__WHAT THIS TASK INVOLVES__
Copying rule for the data below: pictures stay out, and only the lines from the one with "4、在创建密码页面填写符合要求密码,点击下一步完成账号注册登录操作。" down to the one with "就投票結果來看,其他糧油產品", inclusive, are repeated exactly.

*** Opening DATA SECTION ***

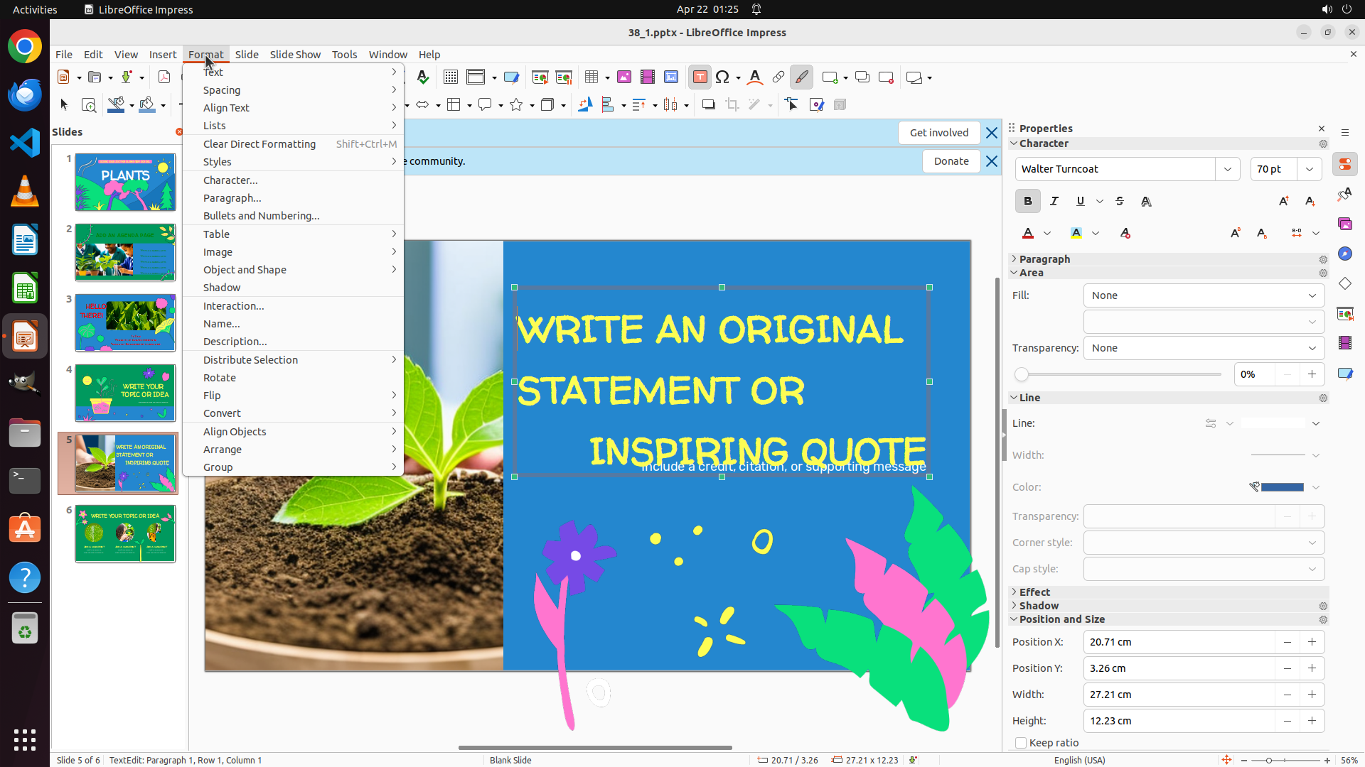 - The textbox on slide 5 is still selected (green selection handles visible)
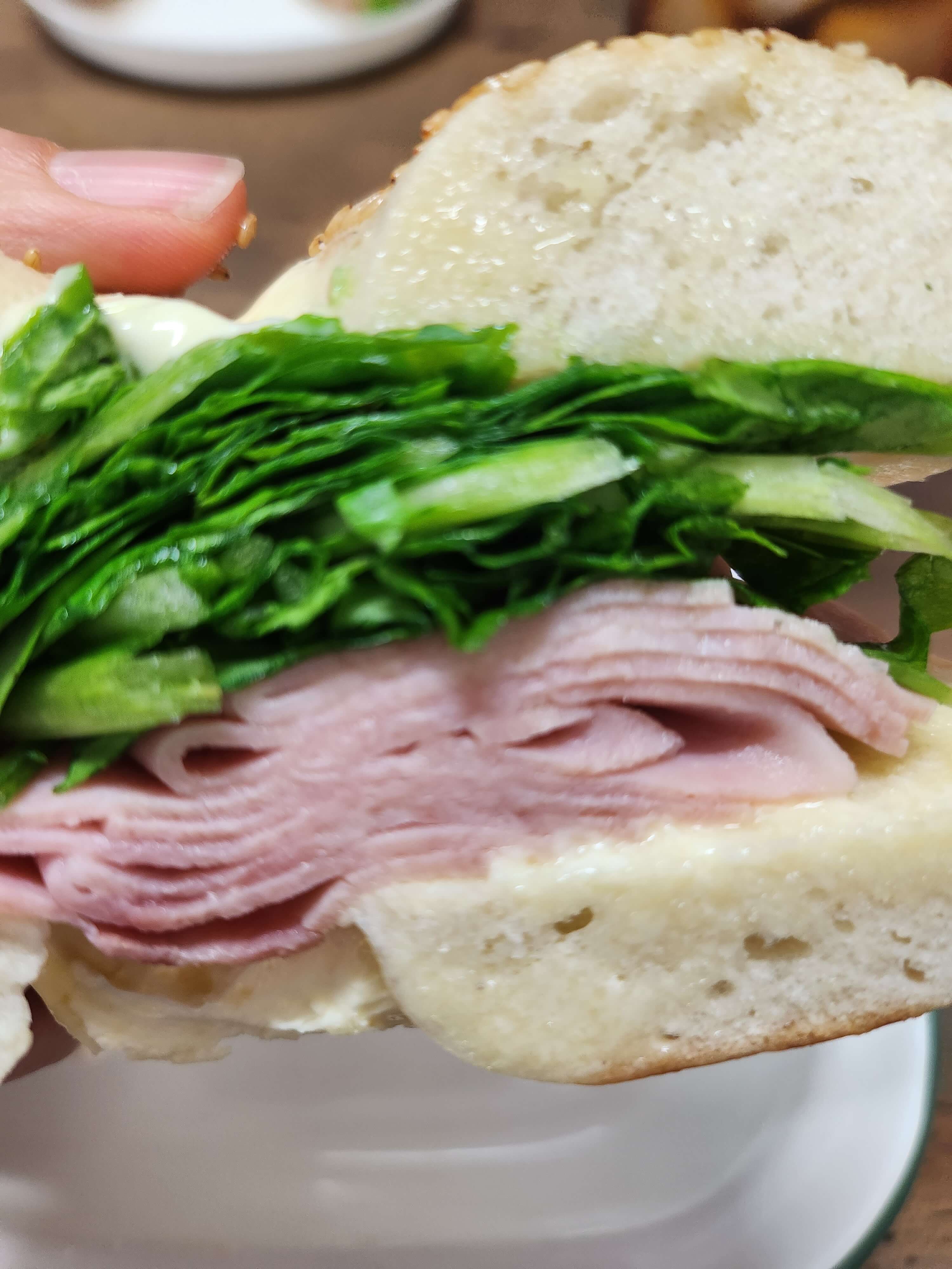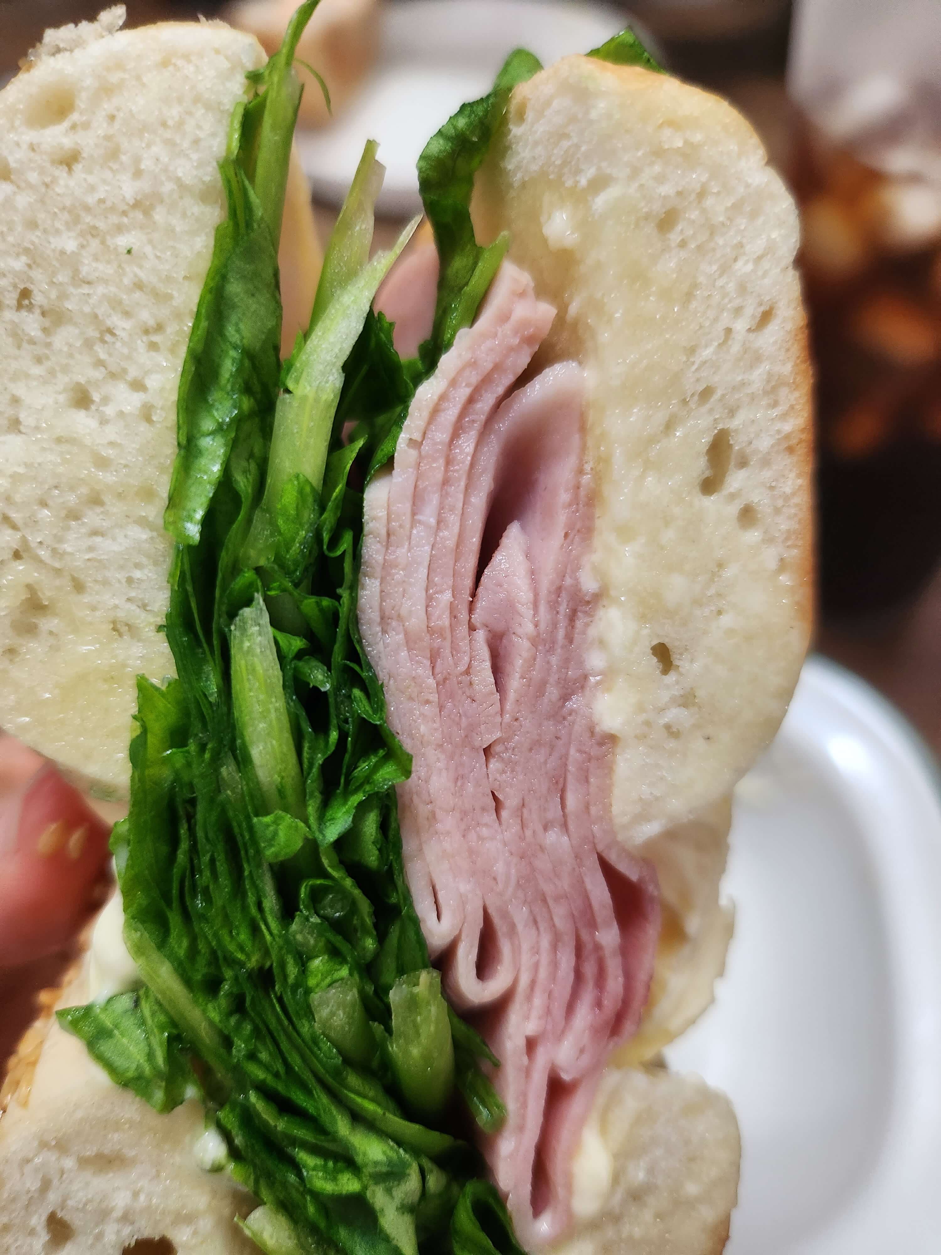 참깨가 잔뜩 올려있는 베이글 안에 루꼴라, 잠봉햄, 버터가 있어요. 그런데... 이 버터가 너무 느끼해요.
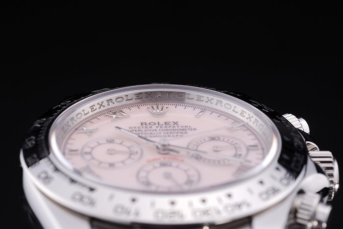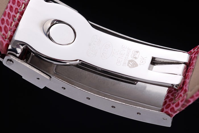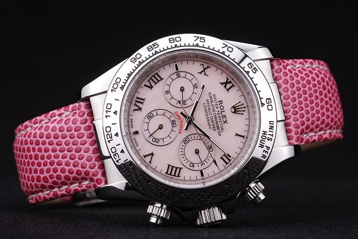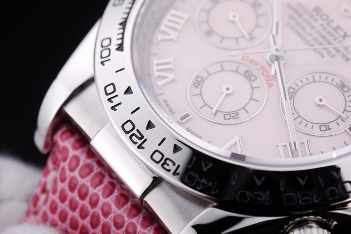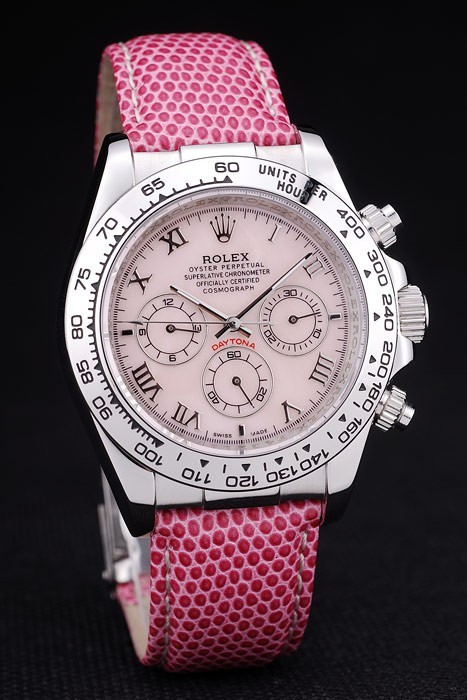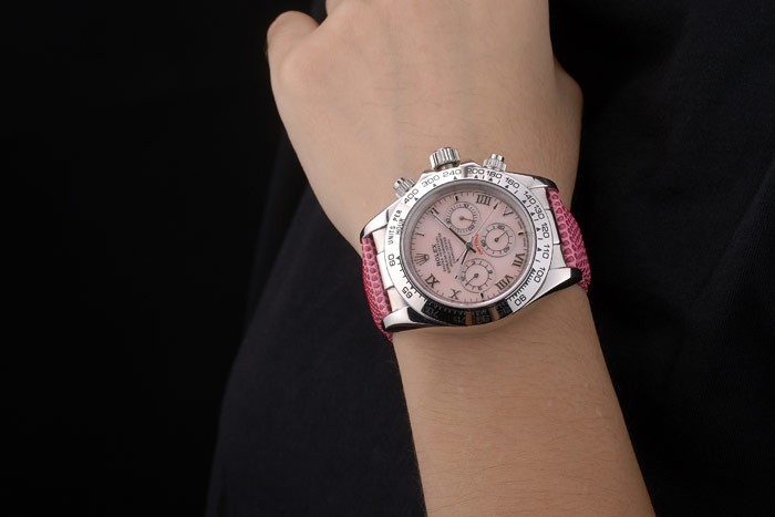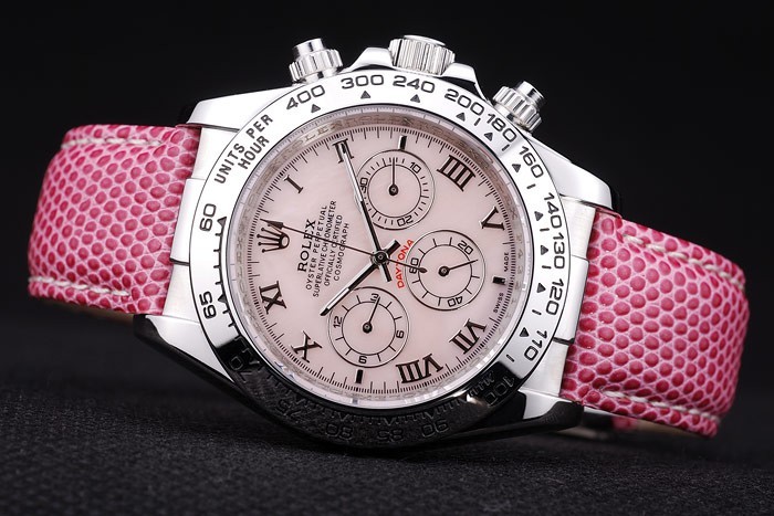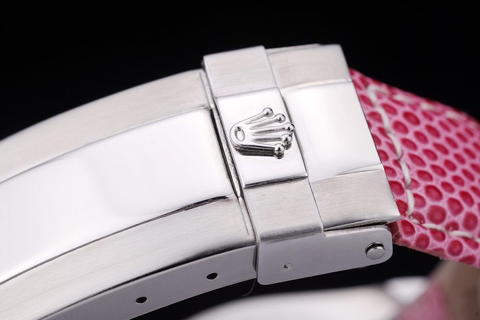 Armband: Rosa Schlange Lederband mit Rolex und Logogravur und Edelstahl Faltschließe Anzeige Rolex logo
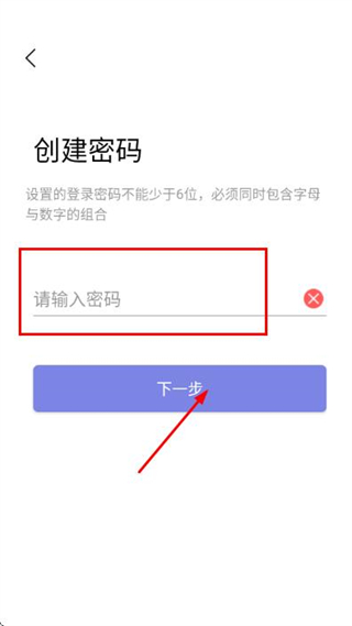 4、在创建密码页面填写符合要求密码,点击下一步完成账号注册登录操作。
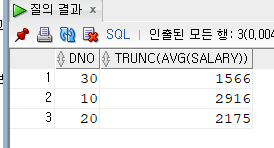 SELECT DNO, TRUNC(AVG(SALARY)) FROM EMPLOYEE
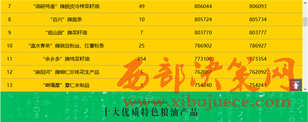 就投票結果來看,其他糧油產品如遵義湄潭縣的“余鄉(xiāng)多”牌純菜籽油、銅仁沿河縣的“麻陽河”牌銅仁珍珠花生產品等均獲得了超過70萬票的網友支持。據(jù)主辦方介紹,這次進入票選的49個產品均是由省內各地送選質量好品質佳口碑好的糧油產品,經過層層篩選后才在網絡上接受市民“檢閱”,當?shù)卣⑵髽I(yè)、市民紛紛踴躍投票,都來為心中最佳特色糧油產品投出一票。
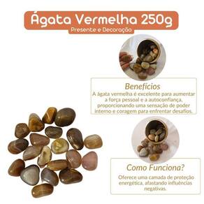 Pedra Ágata Vermelha 1 a 2 cm Rolada 250 g Natural Ágata Vermelha Rolada Tipo da Pedra: Ágata Vermelha Rolada A Ágata Vermelha é uma pedra fascinante com cores vibrantes, que vão do vermelho profundo ao laranja, criando um visual acolhedor e energizante. Ela é altamente apreciada por suas propriedades de energização, proteção e estabilidade, sendo ideal para quem busca força, coragem e equilíbrio em sua vida. Propriedades Curativas da Ágata Vermelha: Equilíbrio Emocional: Esta pedra ajuda a estabilizar as emoções, promovendo uma sensação de segurança e confiança. Ela reduz o e a ansiedade, proporcionando equilíbrio emocional e clareza mental. A Ágata Vermelha também auxilia na liberação de emoções reprimidas e bloqueios emocionais. Aumento da Autoconfiança e Determinação: A Ágata Vermelha fortalece a autoconfiança, ajudando a pessoa a tomar decisões assertivas e a manter-se firme em suas escolhas. Ela também é excelente para aumentar a determinação e a força de vontade, especialmente em momentos de desafio ou mudança. Peso do Pacote: 250g peso garantido Observações Importantes: Por ser uma pedra natural, a Ágata Vermelha pode apresentar variações nas cores, tamanhos, formatos e peso das pedras. No entanto, garantimos que todas as pedras são cuidadosamente selecionadas por nossos especialistas para oferecer a melhor qualidade e pureza possíveis. As pedras incluídas no pacote possuem tamanhos variando entre 1 e 2 cm. Para garantir o peso de 250g, o pacote será composto predominantemente por pedras de Ágata Vermelha de excelente qualidade, podendo conter também pedras de outros tipos de Ágata ou cristais de qualidade , assegurando o peso anunciado. Qualidade Garantida: As pedras são polidas e selecionadas especialmente para colecionadores e entusiastas de cristais. Enviamos o seu pedido em até 24 horas após a confirmação do pagamento Ficamos à disposição para esclarecer qualquer dúvida antes ou após a compra. Nossa prioridade é garantir sua satisfação Marca: Não Informado Ean: 7894135847448
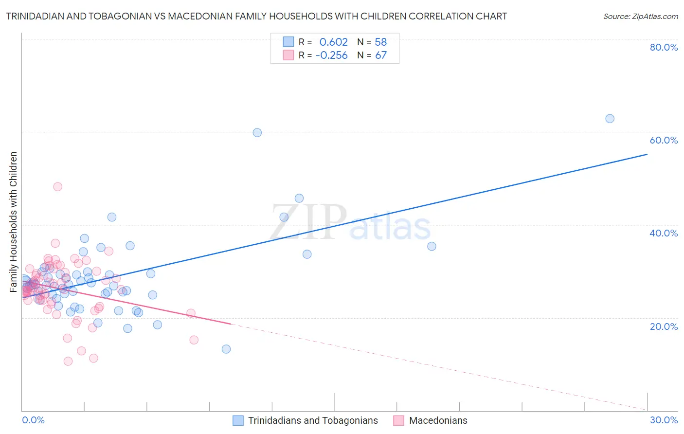Trinidadian and Tobagonian vs Macedonian Family Households with Children Correlation Chart

*** Closing DATA SECTION ***

__COMPLETED EXERCISE__
 4、在创建密码页面填写符合要求密码,点击下一步完成账号注册登录操作。
 SELECT DNO, TRUNC(AVG(SALARY)) FROM EMPLOYEE
 就投票結果來看,其他糧油產品如遵義湄潭縣的“余鄉(xiāng)多”牌純菜籽油、銅仁沿河縣的“麻陽河”牌銅仁珍珠花生產品等均獲得了超過70萬票的網友支持。據(jù)主辦方介紹,這次進入票選的49個產品均是由省內各地送選質量好品質佳口碑好的糧油產品,經過層層篩選后才在網絡上接受市民“檢閱”,當?shù)卣⑵髽I(yè)、市民紛紛踴躍投票,都來為心中最佳特色糧油產品投出一票。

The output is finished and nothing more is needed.